# Waterlox gelling problem



## Bob Willing (Jul 4, 2008)

Took your advice to add marbles to the can of waterlox to keep it from gelling, but I still can't keep it from gelling. I bought a can of Bloxygen but I guess the waterlox is too far gone. Does anyone have other ideas to keep it from gelling?


----------



## Bob Willing (Jul 4, 2008)

I guess I will answer my own question here is what "Waterlox" had to say "Storing Waterlox to prevent it from drying out.

Keep containers of Waterlox Original Tung oil finishes closed when not in use and keep in a cool, dry place. If stored properly, an unopened can of Waterlox Original Tung oil finishes have an almost indefinite shelf life. Cold temperatures will not negatively affect the product, but if Waterlox has been chilled or exposed to freezing temperatures, allow the product to stand for at least 6 hours in temperatures above 60° F before using. DO NOT artificially heat Waterlox products.

Partially filled containers may gel since Waterlox Original Tung oil finishes dry through oxidation. When a container is opened, it is exposed to oxygen and the remaining unused portion may begin to oxidize. This leads to skinning and eventually gelling of the product.

For the best results, pour the Waterlox you need to complete your job into another container and promptly reseal the original container (replace both the metal seal and screw top on the oblong can(s) and the lid on the round can(s)). DO NOT return any unused portion to the original can.

For proper storage, oxygen inside the Waterlox container must be displaced by one or more of the following methods:

*Decant the product into a smaller airtight glass or metal container. DO NOT use plastic.

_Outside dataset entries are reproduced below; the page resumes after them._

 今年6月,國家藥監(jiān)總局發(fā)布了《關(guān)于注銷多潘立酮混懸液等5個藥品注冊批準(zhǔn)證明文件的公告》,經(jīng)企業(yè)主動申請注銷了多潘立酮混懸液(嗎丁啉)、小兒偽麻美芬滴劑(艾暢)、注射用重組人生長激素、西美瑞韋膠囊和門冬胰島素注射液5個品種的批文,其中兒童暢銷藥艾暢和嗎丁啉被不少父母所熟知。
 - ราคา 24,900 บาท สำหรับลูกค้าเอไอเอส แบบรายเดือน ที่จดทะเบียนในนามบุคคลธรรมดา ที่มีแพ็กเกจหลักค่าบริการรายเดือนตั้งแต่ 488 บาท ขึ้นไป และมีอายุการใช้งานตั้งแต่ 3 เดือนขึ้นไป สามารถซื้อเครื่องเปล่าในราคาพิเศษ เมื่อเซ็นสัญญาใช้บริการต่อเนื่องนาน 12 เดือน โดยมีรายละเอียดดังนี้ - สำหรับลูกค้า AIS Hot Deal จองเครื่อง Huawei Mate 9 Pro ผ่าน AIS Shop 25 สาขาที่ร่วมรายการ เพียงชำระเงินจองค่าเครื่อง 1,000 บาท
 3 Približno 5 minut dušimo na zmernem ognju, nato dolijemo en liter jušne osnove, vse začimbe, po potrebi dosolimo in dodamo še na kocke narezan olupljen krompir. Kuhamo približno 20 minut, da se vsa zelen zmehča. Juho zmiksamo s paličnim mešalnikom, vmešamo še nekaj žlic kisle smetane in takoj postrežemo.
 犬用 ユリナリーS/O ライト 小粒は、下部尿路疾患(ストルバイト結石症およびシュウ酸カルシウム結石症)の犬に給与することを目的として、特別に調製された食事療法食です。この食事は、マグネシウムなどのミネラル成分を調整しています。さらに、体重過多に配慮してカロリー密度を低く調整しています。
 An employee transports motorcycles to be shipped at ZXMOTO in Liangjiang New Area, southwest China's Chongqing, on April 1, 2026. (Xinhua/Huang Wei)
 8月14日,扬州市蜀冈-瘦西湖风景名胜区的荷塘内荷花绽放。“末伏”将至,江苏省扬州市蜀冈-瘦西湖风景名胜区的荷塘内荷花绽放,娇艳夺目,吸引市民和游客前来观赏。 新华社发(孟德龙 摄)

If using a previously vacuum-sealed jar (e.g. pickles or baby food) use plastic wrap inside the lid to create an adequate seal. 
*Use clean marbles or stones to raise the level of the finish and thereby displace the oxygen. 
*With rectangular cans, squeeze the sides to push the liquid up and seal before the air returns into the can. 
*"Float" the product with an inert gas, such as BLO2XYGEN, carbon dioxide or argon, that is heavier than air. 

These are the only tried and true methods that we're aware of to use to keep the product from gelling. Keep in mind that whatever method you use, you'll need to be sure the oxygen is being "removed" from the equation. You may also be interested in buying Waterlox Original in a 2 fl oz sample packet - maybe a one-time use packet would help you more than the size container you're using today.

If the material is soft and pliable, you'll want to be sure that it dries on a piece of glass before using it. If it dries on glass, there will be enough driers in it to dry on a project. Once the process of oxidation has begun, there is not way to reverse it."


----------